Do Central Banks Rebalance Their Currency Shares?

Photo by Adam Nir via Unsplash.

Do central banks rebalance their currency shares? The answer matters, as the dollar’s predominant role in large official reserve holdings means widespread rebalancing requires central banks to buy (sell) a depreciating (appreciating) dollar, stabilizing its value against other major currencies.

In a new National Bureau of Economic Research working paper, Menzie D. Chinn, Hiro Ito and Robert N. McCauley hypothesize larger reserve holdings have led central banks to approach their investment more systematically and to make rebalancing in the face of exchange rate changes the norm.

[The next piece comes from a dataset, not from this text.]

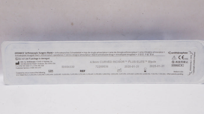 - Smith&Nephew 72200036 DYONICS 4.5mm Curved INCISOR Plus ELITE Blade

The authors illustrate the choice with two polar case studies: the United States, which clearly does not rebalance its small FX reserves, and Switzerland, which does rebalance its very large reserves, so that changes in exchange rates do not move its currency allocation. The authors’ hypothesis finds partial support in global aggregated data, rejecting both no rebalancing and full rebalancing and pointing to emerging market economies as the source of the aggregate result. Additionally, the authors tested for rebalancing with panel data, finding that the sample economies on average again behaved in intermediate fashion, partially but not fully rebalancing. However, when observations were weighted by the size of reserves, the panel analysis found full rebalancing. Furthermore, the authors found that a variety of control variables and splits of the panel sample did not alter the thrust of their findings.

Overall, the authors conclude that central banks rebalance their FX reserves extensively, but not uniformly.